Is there a way to parametrize a line and a circle in the complex plane [by $z = z(t)$], to show that under the inversion function $f(z) = 1/z$, a line is mapped either to a line or a circle, and a circle is mapped either to a line or a circle?
This is simple in the case of translations or dilations: For example, parametrizing a circle by $z(t) = z_0 + Re^{it}$, under the dilation $f(z) = az$, $f[z(t)] = az_0 + aRe^{it}$, which is still the parametrization of a circle.
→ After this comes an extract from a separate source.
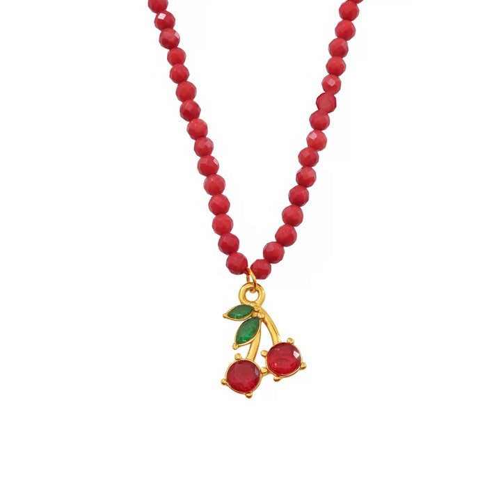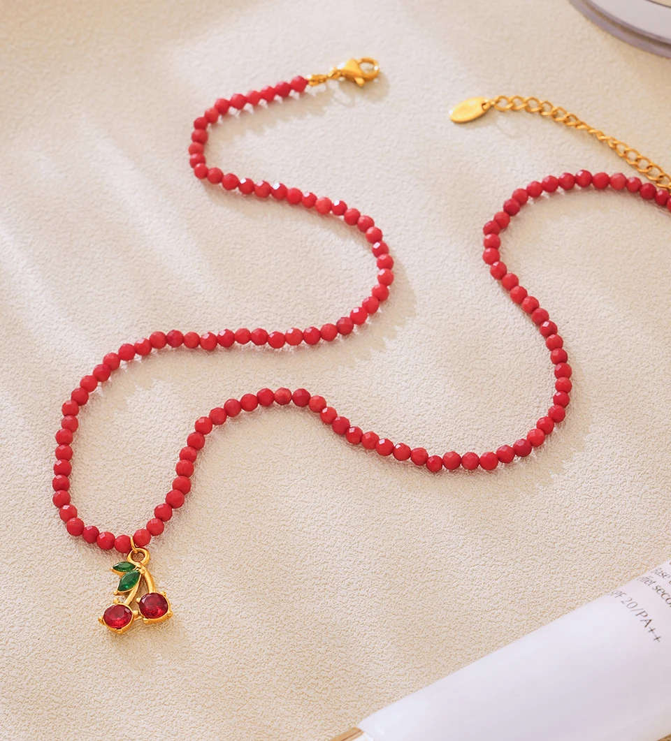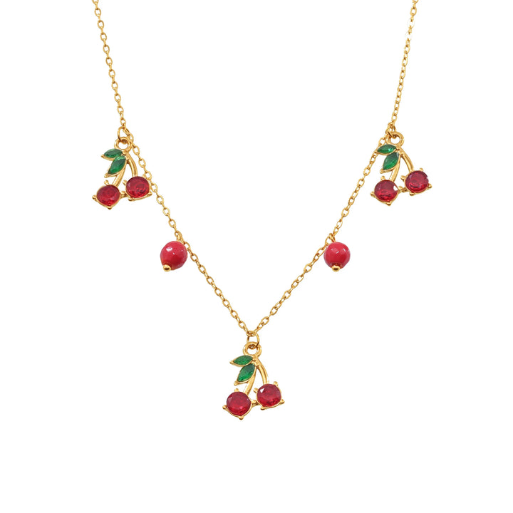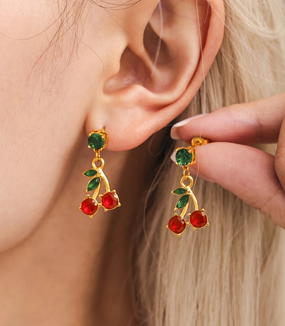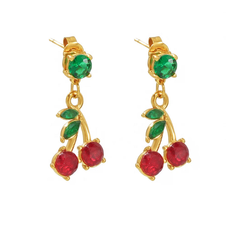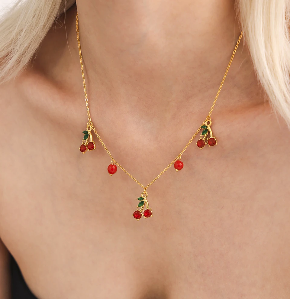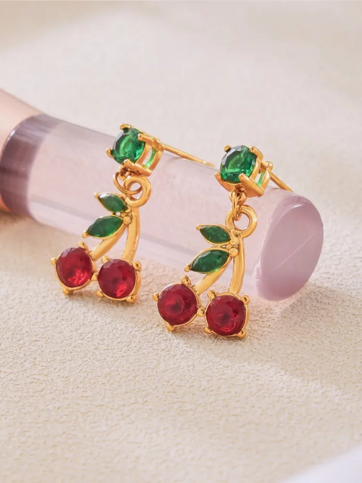 Cherry Charms Necklaces Matching Earrings For Women 18k Gold Plated Stainless Steel Women's Pendant Chain Necklace Stud Earring

Yes, but it won't be easy, because a line parameterized by $$ L(t) = a + bt $$ will map to a circle that's parameterized by $$ C(s) = z_0 + Re^{is} $$ where $s$ and $t$ are related by some relatively complicated function. In particular, the relationship between $t$ and $s$ is certainly not linear, for the line is traversed once as $t$ ranges over the real line, while the circle is traversed infinitely often as $t$ ranges over the real line. So that map that expresses $s$ as a function of $t$ must take the whole real line to something like the interval $-\pi < s < \pi$.
In short: it's possible, but possibly not worth the effort. :(
Alternative short summary: While inversion takes lines and circles to lines and circles, it does not carry standard parameterizations of lines to standard parameterizations of circles.
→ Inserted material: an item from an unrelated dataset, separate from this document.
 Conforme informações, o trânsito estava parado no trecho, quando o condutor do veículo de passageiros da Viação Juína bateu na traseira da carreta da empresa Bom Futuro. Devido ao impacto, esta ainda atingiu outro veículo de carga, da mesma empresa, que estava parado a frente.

Here are the details for one particular line:
$$ L(t) = 2 + it $$ where $t \in \mathbb R$.
Then after transformation, we get the point $$ M(t) = \frac{1}{2+it} = \frac{2 - it}{4 + t^2} $$ This is a point of the circle whose center is at $z = \frac{1}{4} + 0i$ and whose radius is $\frac{1}{4}$. Subtracting $\frac{1}{4}$ from $M$ gives $$ v(t) = \frac{4- t^2 - 4ti}{4(4+t^2)} $$ as the vector from the circle-center to the point on the circle. It's not too hard to see that the squared length of $v$ is $1/4$, by direct computation and simplification.
Now $v$ points in some direction $\theta$, and since the length of $v$ is $1/2$, we know that the real and imaginary parts of $2v$ are just $\cos \theta$ and $\sin \theta$. so $$ \theta = atan2(-4t, 4-t^2) $$ and we can say that the point $\frac{1}{4} + e^{i\theta}$, under inversion, corresponds to the point $2 + ti$ on the line at $x = 2$.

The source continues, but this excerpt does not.